Young Communist International
- Logo of the Young Communist International (Russian version badge)
- Abbreviation: YCI
- Predecessor: International Union of Socialist Youth
- Successor: World Federation of Democratic Youth
- Formation: 20 November 1919
- Founded at: Berlin
- Dissolved: May 15, 1943; 82 years ago
- Headquarters: Berlin, Germany; Moscow, Soviet Union
- Secretary General: Willi Münzenberg; Voja Vujović
- Parent organization: Communist International

= Young Communist International =

International youth organization affiliated with the Communist International

The Young Communist International (YCI) was the parallel international youth organization affiliated with the Communist International (Comintern).

==History==

===International socialist youth organization before World War I===
After failed efforts to form an international association of socialist youth organizations in 1889 and 1904, in May 1907 a conference in Stuttgart, Germany convened to form the International Union of Socialist Youth Organisations (the Internationale Verbindung Sozialistischer Jugendorganisationen, abbreviated IVSJO).
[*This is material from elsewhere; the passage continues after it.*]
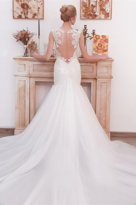 Joyofdress 100% handmade mermaid white lace wedding dress see through back and train in the back.

IVSJO maintained its headquarters in Vienna and functioned as the youth section of the Second International.

At its foundation the International Secretary of IVSJO was Hendrik de Man. De Man was succeeded by Robert Danneberg, who held the post from 1908 to 1915. The first Chairman of the IVSJO was the German anti-militarist radical Karl Liebknecht. Liebknecht served as an inspiration and "elder statesman" for radical youth throughout Europe.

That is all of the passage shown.